StrangernFiction | January 24, 2012 at 4:11 pm

Must. buy. more. popcorn.

Windy City Commentary | January 24, 2012 at 4:13 pm

The Pro-Newt Sunami is moving faster than the establishment could ever hope to keep up with. I love it. Those slow moving piranhas at National Review, Weekly Standard, et al. have no idea what just hit them. Suddenly, their chipping away and nibbling at the edges has become completely ineffective.

They can no longer post things like “Against Gingrich” in big red letters for 24 hours and have one little piranha pundit after another nibble away to sway voter opinion. The so-called “conservative” pundits are becoming as unconvincing to conservative voters and they are to liberal voters. Their monopoly on political thought is being broken up.

holmes tuttle | January 24, 2012 at 4:13 pm

If Christie gets in they could use this video to announce his entry:

http://www.youtube.com/watch?v=9bXsTyMxSzc

“Cannonball!”

According to Jonah Goldberg, the true rebels in our society are the early-bird-special old geezers.
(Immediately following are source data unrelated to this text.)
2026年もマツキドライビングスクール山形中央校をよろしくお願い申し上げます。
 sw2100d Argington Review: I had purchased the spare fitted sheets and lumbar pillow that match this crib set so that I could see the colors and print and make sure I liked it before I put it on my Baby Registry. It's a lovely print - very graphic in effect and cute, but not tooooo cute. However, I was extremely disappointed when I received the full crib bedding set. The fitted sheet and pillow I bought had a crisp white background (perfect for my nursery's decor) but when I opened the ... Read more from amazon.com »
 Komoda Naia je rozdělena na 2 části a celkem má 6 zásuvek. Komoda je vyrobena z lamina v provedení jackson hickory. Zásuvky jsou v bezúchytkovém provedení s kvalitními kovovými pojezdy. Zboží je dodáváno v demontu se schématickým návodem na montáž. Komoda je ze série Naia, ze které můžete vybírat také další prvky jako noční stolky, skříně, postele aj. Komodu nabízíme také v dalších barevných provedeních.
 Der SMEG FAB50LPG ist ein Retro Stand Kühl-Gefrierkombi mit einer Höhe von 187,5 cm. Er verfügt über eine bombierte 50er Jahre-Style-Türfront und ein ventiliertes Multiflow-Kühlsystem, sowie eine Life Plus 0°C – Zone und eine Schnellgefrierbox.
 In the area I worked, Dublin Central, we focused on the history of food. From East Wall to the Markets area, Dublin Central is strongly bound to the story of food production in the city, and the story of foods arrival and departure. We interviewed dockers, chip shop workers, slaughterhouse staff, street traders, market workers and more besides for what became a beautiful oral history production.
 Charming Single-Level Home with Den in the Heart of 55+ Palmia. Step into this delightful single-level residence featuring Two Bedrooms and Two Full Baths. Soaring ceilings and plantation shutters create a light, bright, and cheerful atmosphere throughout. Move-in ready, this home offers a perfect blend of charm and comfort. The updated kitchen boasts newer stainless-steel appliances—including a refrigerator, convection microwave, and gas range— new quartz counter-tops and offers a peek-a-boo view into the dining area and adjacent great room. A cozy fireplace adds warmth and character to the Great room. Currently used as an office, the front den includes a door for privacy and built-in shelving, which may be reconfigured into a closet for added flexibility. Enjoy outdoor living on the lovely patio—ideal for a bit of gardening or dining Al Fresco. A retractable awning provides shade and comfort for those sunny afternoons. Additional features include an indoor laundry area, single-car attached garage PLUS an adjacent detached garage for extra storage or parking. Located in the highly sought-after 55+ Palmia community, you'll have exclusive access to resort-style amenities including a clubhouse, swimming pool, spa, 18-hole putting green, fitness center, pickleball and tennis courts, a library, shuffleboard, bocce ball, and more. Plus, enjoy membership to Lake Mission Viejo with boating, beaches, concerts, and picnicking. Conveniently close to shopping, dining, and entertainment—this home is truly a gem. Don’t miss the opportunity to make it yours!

According to Greg Gutfeld, the true rebels are the university students with bad back acne majoring in engineering.

I think they’re both right. There can be more than one group of rebels.

The Che t-shirt, OWS crowd types … not rebels … just poseurs.

    Henry Hawkins in reply to LukeHandCool. | January 24, 2012 at 4:30 pm

    “…the true rebels in our society are the early-bird-special old geezers.”

    Dadgum rot ah am, an’ doan yew fergit it, young feller.

The thing I like most about this primary, its like owner of a store gently tapping on the GM on the shoulder and saying “You don’t own this place, I do”.

holmes tuttle | January 24, 2012 at 4:21 pm

It’s interesting that the 2012 GOP Primary seems to be following the script of the 2008 Dem primary to a degree.

The long inevitable establishment choice is facing a serious threat from the ideological and passionate base candidate and a huge upset appears to possibly be in the making.

Now, it was understandable that a young Barack Obama would play the role of insurgent candidate and guy to rally the base and take on the establishment. You can understand that.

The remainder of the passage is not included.